_REQUIREMENT_
Using the listing below, retype only the lines from the line with "Firstly, a light" through the end, both ends included, and exclude the pictures.

_COLLECTED DATA_
################

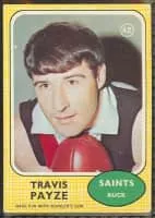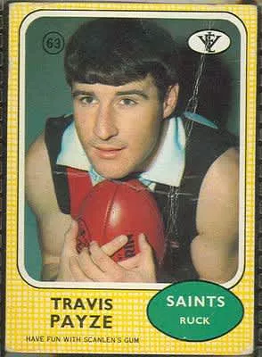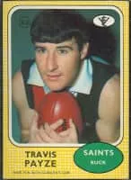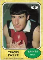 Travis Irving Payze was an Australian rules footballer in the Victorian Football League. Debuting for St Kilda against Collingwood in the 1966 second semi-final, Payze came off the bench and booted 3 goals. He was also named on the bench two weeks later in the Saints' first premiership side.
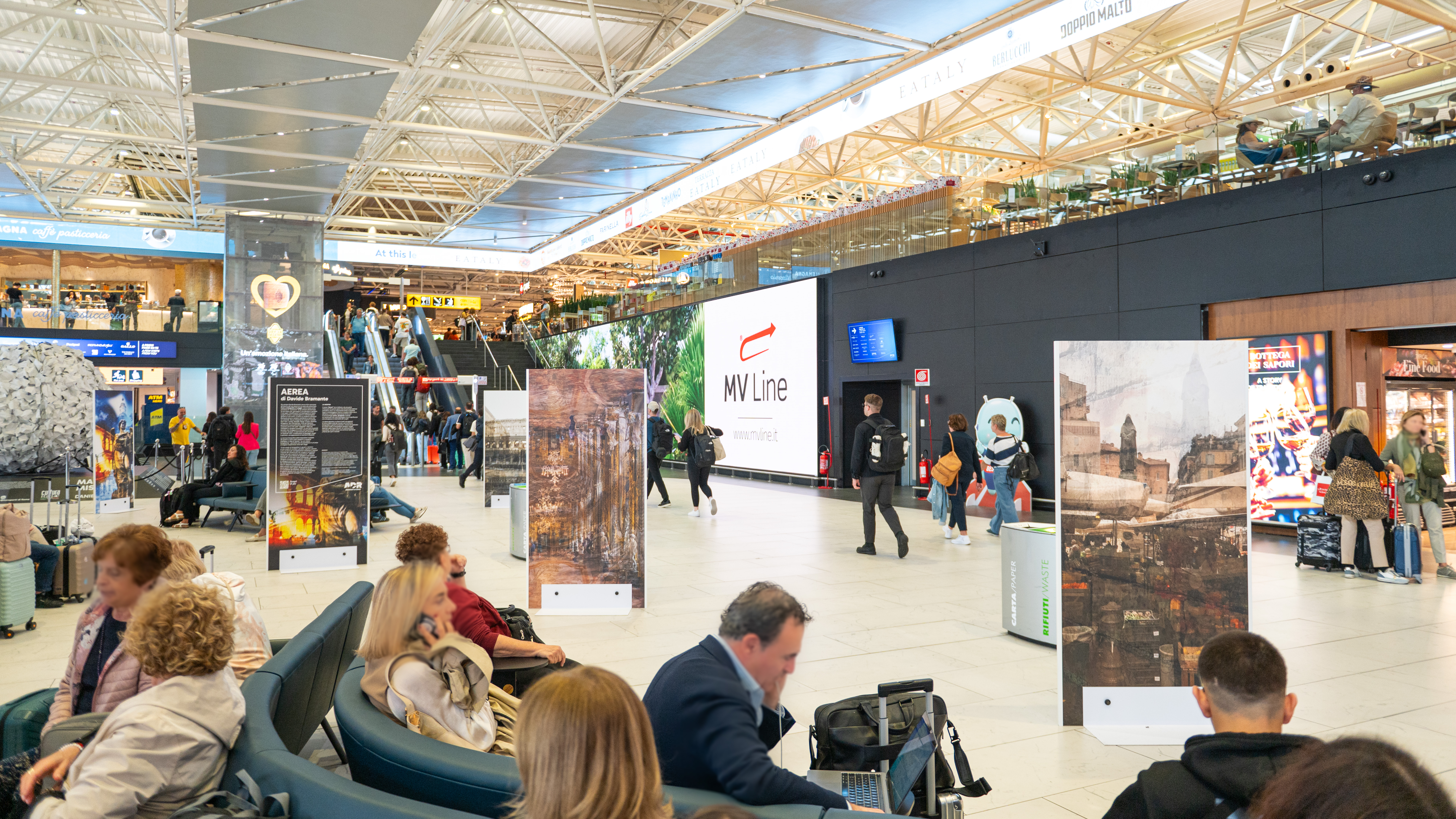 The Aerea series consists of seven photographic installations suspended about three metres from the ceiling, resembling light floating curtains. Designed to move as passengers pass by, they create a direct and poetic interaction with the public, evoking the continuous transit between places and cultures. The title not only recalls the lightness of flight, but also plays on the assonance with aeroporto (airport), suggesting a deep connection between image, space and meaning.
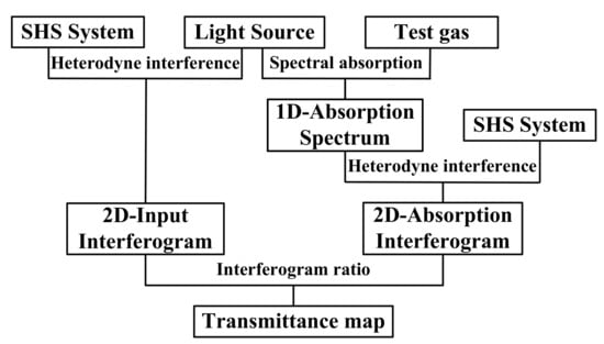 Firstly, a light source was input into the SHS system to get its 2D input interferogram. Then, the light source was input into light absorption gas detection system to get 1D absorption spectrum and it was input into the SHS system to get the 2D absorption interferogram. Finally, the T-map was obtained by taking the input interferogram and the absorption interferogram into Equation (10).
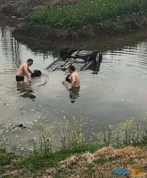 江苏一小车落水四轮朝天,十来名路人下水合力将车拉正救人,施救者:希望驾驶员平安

################

_ANSWER BELOW_
 Firstly, a light source was input into the SHS system to get its 2D input interferogram. Then, the light source was input into light absorption gas detection system to get 1D absorption spectrum and it was input into the SHS system to get the 2D absorption interferogram. Finally, the T-map was obtained by taking the input interferogram and the absorption interferogram into Equation (10).
 江苏一小车落水四轮朝天,十来名路人下水合力将车拉正救人,施救者:希望驾驶员平安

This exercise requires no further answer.